SC23 Proceedings

The International Conference for High Performance Computing, Networking, Storage, and Analysis

Birds of a Feather

Software Testing for Scientific Computing in HPC


Authors: Keita Teranishi (Oak Ridge National Laboratory (ORNL)), Jeffrey Young (Georgia Institute of Technology), Alessandro Orso (Georgia Institute of Technology)

Abstract: Effective software testing plays a critical role in guaranteeing the performance, correctness, and reproducibility of applications and software. When it comes to testing high-performance computing (HPC) software and applications, unique requirements arise due to factors such as massive parallelism, concurrency and heterogeneity, the scale of target platforms, lack of oracles, and application-specific verification and validation techniques. In this BoF session, we aim to foster insightful discussions among a panel of expert speakers and the audience, focusing on methodologies and challenges in HPC software testing, and deepen our understanding in this crucial part of HPC software development.

Long Description: This Birds of a Feather session is focused on discussing and engaging a wider audience in topics related to software engineering with a specific focus on testing strategies for high-performance computing software and applications.
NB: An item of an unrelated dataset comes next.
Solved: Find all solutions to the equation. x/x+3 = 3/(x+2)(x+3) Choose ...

Software testing plays a crucial role in ensuring the performance, correctness, and reproducibility of software and applications. Robustness of software and applications not only improves productivity, but also improves the trust of outcomes in simulations and analyses. While significant progress has been made in methodologies, techniques, and software tools for testing in various areas of software engineering, the adoption of state-of-the-art testing practices in high-performance scientific computing lags behind. This is due to unique requirements such as floating-point arithmetic, massive parallelism, and concurrency in numerical algorithms and applications, as well as heterogeneity in system architecture, and performance portability across different node architectures and accelerators. Additionally, challenges arise from the lack of oracles, indeterminism in program execution, and emerging floating point data types driven by artificial intelligence and machine learning applications, making conventional testing methodologies less feasible. The rapid evolution of HPC systems, with advancements in system size and complexity, has outpaced the development of testing methodologies in the HPC domain. Consequently, many test suites for HPC software and application programs currently lack comprehensive test coverage and a systematic approach to verification and validation in a scalable manner.
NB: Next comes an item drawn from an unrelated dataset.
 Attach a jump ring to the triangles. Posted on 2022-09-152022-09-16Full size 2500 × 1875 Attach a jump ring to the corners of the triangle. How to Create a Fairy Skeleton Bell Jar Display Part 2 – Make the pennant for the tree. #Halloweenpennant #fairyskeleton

To this end, this BoF will engage with these principles and several other key topics related to testing for HPC applications by discussing the state-of-the-art as well as common pitfalls or challenges that currently limit the usefulness of our general testing strategy. An ideal outcome of this BoF would be the discussion of key issues and some agreement by the panel and audience on which issues would be good next steps to promote in efforts like classes, tutorials and workshops, or even new research programs run by government agencies. Explicitly, we are looking to get attendees’ feedback on what techniques might be most useful to increase their engagement and usage of software testing best practices and strategies..

The BoF will be organized as an expert panel session with pre-seeded questions to start discussion and extensive general Q&A with and from the attendees. We have reached out to Sunita Chandrasekaran of University of Delaware, Manish Motwani of Georgia Tech, Shahzeb Siddiqui of NERSC, Mark Gates of University of Tennessee, and Francesco Rizzi from NexGen Analytics, and they have agreed to be panelists for this BoF. The proposed panelists and organizers are all experienced practitioners of scientific software and software engineering principles at scale. Dr. Young and Dr. Orso are also the associate director and director of Georgia Tech’s scientific software engineering center at Georgia tech funded via Schmidt Futures’s VISS Program.

We plan to incorporate online polling such as Mentimeter to try and gauge attendee interest in the key software testing concepts and challenges. Outcomes from the BoF will be shared online and through future workshops and events being planned by the organizers.